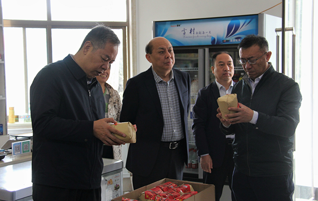山西省市場監(jiān)管局黨組成員、副局長王德立與臨汾市市場監(jiān)管局副局長衛(wèi)浩靜在隰縣檢查農(nóng)村過期食品整治工作。
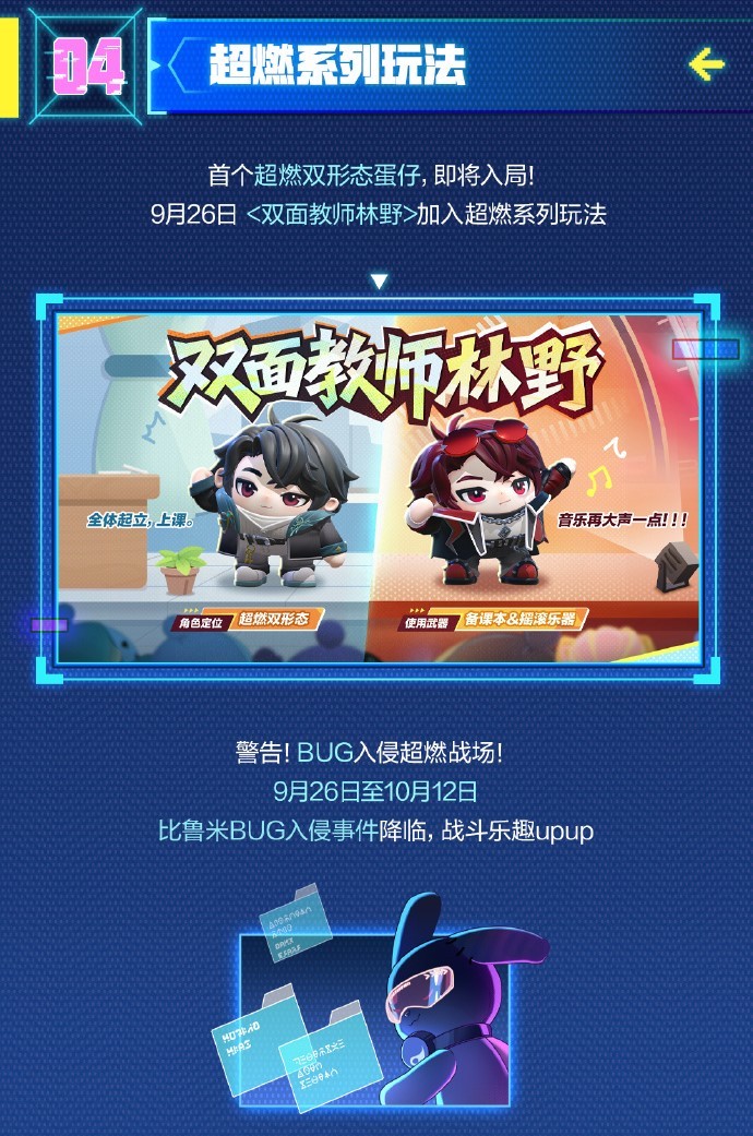 9月26日,超燃双形态【双面教师林野】上线,比鲁米大人BUG入侵事件降临!
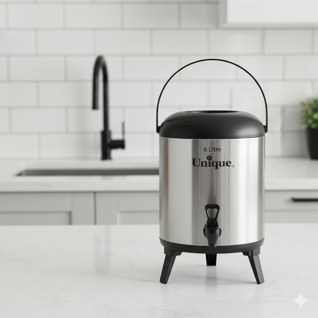 “کلمن استیل 8 لیتری یونیک کد 7590” با بدنه استیل ساخته شده. این کلمن توانایی حفظ دمای مایع دارد. درب بالایی آن به صورت پیچی است و خروجی به صورت ضامن دار طراحی شده است. این کلمن دارای سه پایه پلاستیکی است که استفاده از آن را روی زمین راحت تر می کند و نیازی به بلند کردن کلمن برای ریختن آب نیست.

WORK ITEM
Each word of the data should be repeated exactly, and the pictures left out.

WRITTEN SOLUTION
山西省市場監(jiān)管局黨組成員、副局長王德立與臨汾市市場監(jiān)管局副局長衛(wèi)浩靜在隰縣檢查農(nóng)村過期食品整治工作。
 9月26日,超燃双形态【双面教师林野】上线,比鲁米大人BUG入侵事件降临!
 “کلمن استیل 8 لیتری یونیک کد 7590” با بدنه استیل ساخته شده. این کلمن توانایی حفظ دمای مایع دارد. درب بالایی آن به صورت پیچی است و خروجی به صورت ضامن دار طراحی شده است. این کلمن دارای سه پایه پلاستیکی است که استفاده از آن را روی زمین راحت تر می کند و نیازی به بلند کردن کلمن برای ریختن آب نیست.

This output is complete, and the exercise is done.